Restos mortais de três crianças da Idade da Pedra no Vietnã podem desafiar ideias antigas sobre a origem da sífilis, dizem cientistas.
Cominformações de Live Science.

Arqueólogos no Vietnã fizeram uma descoberta que pode reescrever a compreensão dos cientistas sobre a origem da sífilis.
A equipe encontrou esqueletos da Idade da Pedra de três pessoas que sofriam de uma doença bacteriana debilitante que deixou marcas em seus ossos e dentes. Essa doença pertence à mesma família da sífilis, e sua descoberta no Vietnã pré-histórico pode desafiar a ideia de que doenças semelhantes à sífilis tenham se originado nas Américas.
Em um estudo publicado em 13 de março no International Journal of Osteoarchaeology, os pesquisadores documentaram três casos de treponematose congênita em dois sítios neolíticos no Vietnã, datados de aproximadamente 4.100 a 3.300 anos atrás. As doenças treponêmicas são um grupo de infecções causadas pela bactéria Treponema pallidum. Essas doenças, causadas por diferentes subespécies da bactéria, incluem sífilis, bejel e bouba.
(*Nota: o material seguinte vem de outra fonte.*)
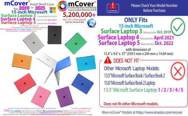 mCover Hard Shell Case for 15 inch Microsoft Surface Laptop 3 4 5 Computer iPearl mcover chromebook case laptop case Very well made.

Durante décadas, os pesquisadores acreditaram que, dentre essas doenças, apenas a sífilis poderia ser transmitida por via congênita, ou seja, de pais para filhos durante a gravidez, explicou Melandrie Vlok, primeira autora do estudo e professora de anatomia e fisiologia da Universidade Charles Sturt, em um e-mail para a Live Science. Essa suposição foi usada para sustentar a alegação de que a sífilis se originou nas Américas, após pesquisas anteriores terem descoberto que restos mortais de crianças de 5.500 anos atrás continham bactérias relacionadas à sífilis, juntamente com sinais de infecção congênita, disse Vlok.
Mas, o que é importante, “nenhum desse DNA é realmente de sífilis”, observou ela. Essa distinção é importante, pois a evidência de infecção congênita pela bactéria tem sido vista há muito tempo como evidência da própria sífilis.
“Nossa nova pesquisa muda completamente o panorama”, disse Nicola Czaplinski, doutoranda em ciências da saúde na Universidade de Notre Dame Austrália, em um e-mail para a Live Science. De acordo com suas descobertas, “a transmissão congênita não é exclusiva da sífilis”.
Três crianças do Vietnã neolítico
Embora os cientistas debatam há muito tempo sobre a origem das doenças treponêmicas, apenas um outro estudo investigou a questão no Vietnã.
Esse estudo incluiu casos que datam do início da transição agrícola, há cerca de 4.000 a 3.500 anos. Concentrou-se em Man Bac, um sítio arqueológico no norte do Vietnã que data de cerca de 4.100 a 3.300 anos atrás, e descobriu que mais de 10% das pessoas sepultadas apresentavam marcas nos ossos e dentes compatíveis com treponematose. A maioria dos afetados eram crianças e adolescentes.
O novo estudo analisou 16 sítios arqueológicos no Vietnã, incluindo Man Bac, e examinou um total de 304 indivíduos datados de 10.000 a 1.000 anos atrás. Foram encontradas evidências de treponematose congênita em três crianças. Dois indivíduos, com 18 meses e 5 anos de idade, foram identificados em Man Bac, e um terceiro indivíduo, de An Son, no sul do Vietnã, datado entre 3.900 e 3.300 anos atrás e com cerca de 2 anos e meio de idade.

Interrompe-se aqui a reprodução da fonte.